The Core CPI was flat in November.

This was below the Fed’s forecast. The Fed’s forecast for next year is for the Core CPI to be between 1.4-1.7%. That’s below the Fed’s own target, which itself is too low."


So, I don't know what conservatives are thinking. It appears they are just confused over which rates are appropriate for policy analysis and how the unemployment numbers are made. But this cannot be Bernanke's issue, can it?
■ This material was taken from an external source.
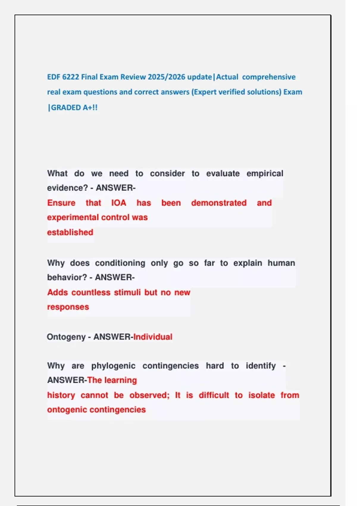 real exam questions and correct answers (Expert verified solutions) Exam

I think it is more that they fear that once the economy turns around, banks will suddenly start lending out their excess reserves, and if they did, we would have really high inflation. The problem with this is that, first, on the other side, we've got 10% unemployment which gives firms bargaining power over workers, which should hold down wage growth. The second issue is that in between having a flat CPI and hyperinflation, there would be months of very high growth, reductions in unemployment, moderate growth in the core CPI, and a spike in long-term interest rates, which are not now predicting much inflation. During these months, the Fed could reign in its QE, raise the Federal Funds rate, slow the recovery and stamp out any inflation. The key is that the Fed needs to get over the hump first, and we are not over the hump. Maybe we'll get lucky and be there in a few months, but the fact is we are not there yet. There is scant sign of inflation starting to take off, and employment is not yet to the point where we will see sustained reductions in the unemployment rate.

This "fear of the coming hyperinflation" has been going on for a year now. During that time, the unemployment rate has gone from 7 to 10% and the core inflation rate has been well-contained.